IBM Is Experimenting With a Cryptocurrency, Which It Says Is More Stable

It’s basically a blockchain-backed dollar — but you can’t convert your money to it (yet).

July 17, 2018

3 min read


Cryptocurrencies fluctuate wildly in value. If you’ve been following bitcoin since last fall, you’ve seen the value of one unit of bitcoin surge from less than $5,000 in early October 2017, peak at more than $19,000 in December and gradually make its way back down to the $6,000 range today, according to CoinDesk.

For transactions that do involve money, companies are seeking more stable cryptocurrencies, with all of the blockchain tracking benefits of crypto, minus the volatility and lost value and time in the conversion process. IBM is one company working to prove out what’s called a “stablecoin” solution, which means its value is based on the value of the U.S. dollar at any given time.

The 107-year-old legacy tech corporation has embraced blockchain, which underlies cryptocurrencies, in recent years — using it for applications including a cross-border payments network, tracking luxury goods such as diamonds and more.

Related: 15 Crazy and Surprising Ways People Are Using Blockchain

For crypto exchanges up to this point, IBM has relied on a currency called Stellar Lumens. But this week, the company announced it will begin testing Stronghold USD “to experiment with ways for financial institutions and other organizations to achieve faster, safer and more efficient transaction processing and money transfer throughout the world’s economy,” according to a press release.

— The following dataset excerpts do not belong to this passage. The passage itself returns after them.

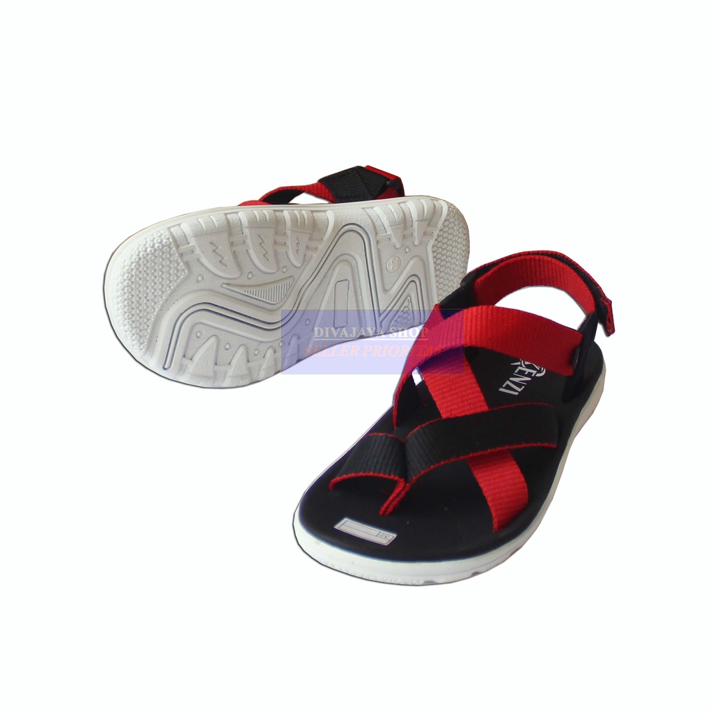 Harga Sandal Anak Kenzi Type Tuff Tali Jempol/Fashion Sandal Anak Terbaru/Merah Hitam/Divajaya Shop
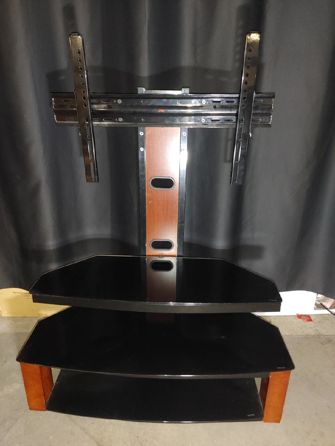 Selling a used TV stand with a built-in mount. It features a black glass top and bottom, with a wood-look centre support and a metal mounting bracket. Perfect for setting up your TV and media devices!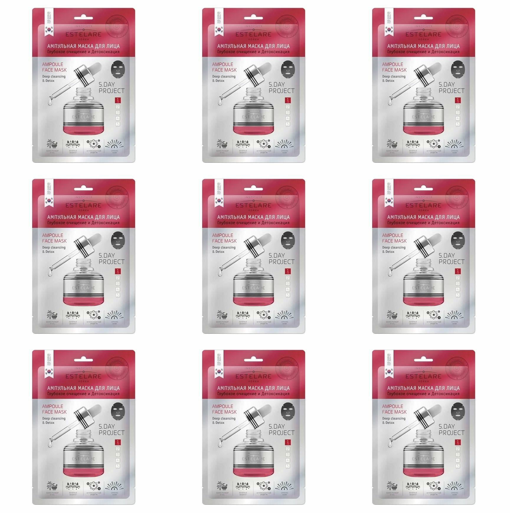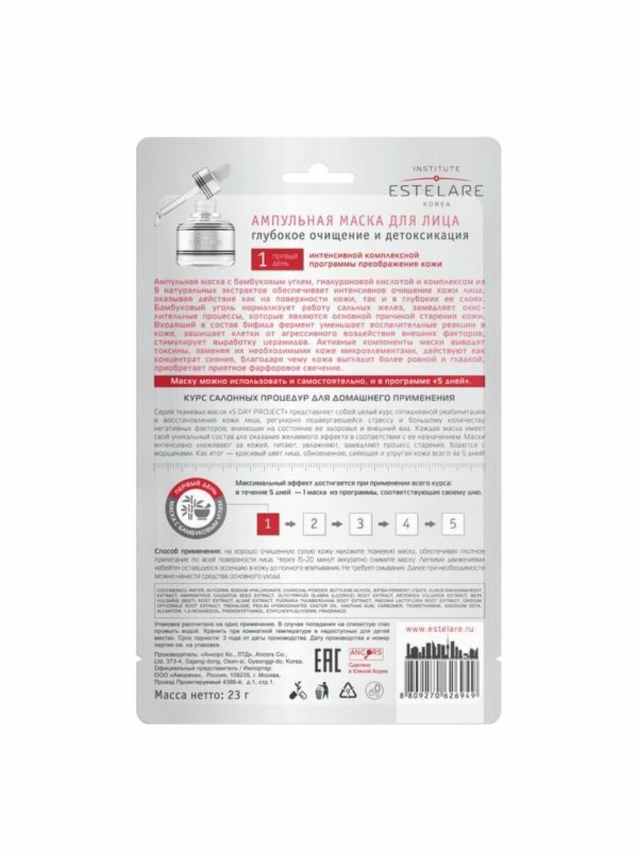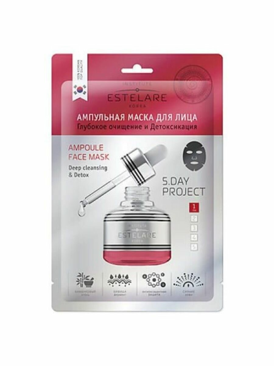 Estelare Ампульная маска (5дней) для лица 1 день "Глубокое очищение и Детоксикация" 23 г.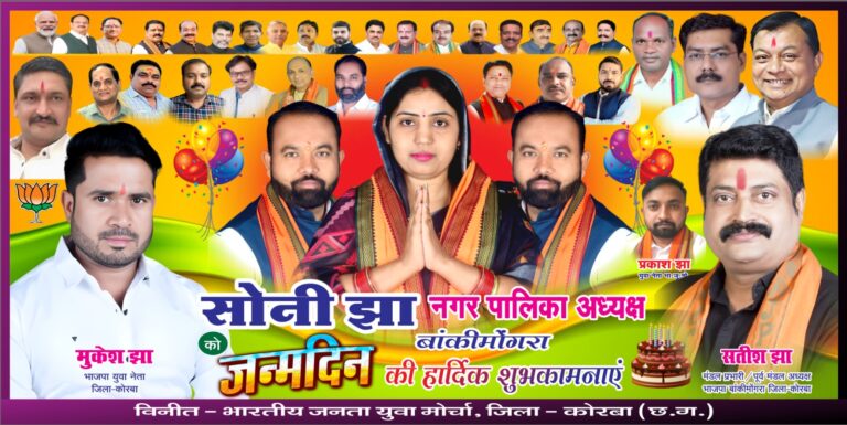 त्रिनेत्र टाइम्स कोरबा ****/ बांकीमोंगरा। नगरपालिका अध्यक्ष सोनी झा का जन्मदिन कल हर्षोल्लास और उत्साह के साथ मनाया जाएगा। जन्मदिन...

For now, Stronghold USD is only available as a business-to-business cryptocurrency. Consumers can’t buy anything with it. But IBM’s adoption speaks to the trend and promise of cryptocurrencies with values based on and equal to the dollar.

Tether is one stablecoin that’s been widely adopted, though its true value is a matter of controversy. It’s “often the second most traded crypto asset after bitcoin,” according to Bitcoin.com. “Traders routinely trade in and out of it as they attempt to outmaneuver bitcoin’s price swings.”

Entrepreneur contributor Han-Gwon Lung wrote about the potential for stablecoins — and one in particular, Basis — in late May: “Figuring out how to create the world’s first true stablecoin (as did the guys at Basis, who raised $133 million from VCs like Andreessen Horowitz) would revolutionize finance as we know it.”

One small company that is dabbling in stablecoin is The White Company, a fine art and luxury goods dealer that allows purchases via cryptocurrency, from Super Bowl suite tickets to Lamborghinis. CEO Elizabeth White launched the White Standard, a stablecoin, in early June, so clients could convert their money to and from cryptocurrency more directly.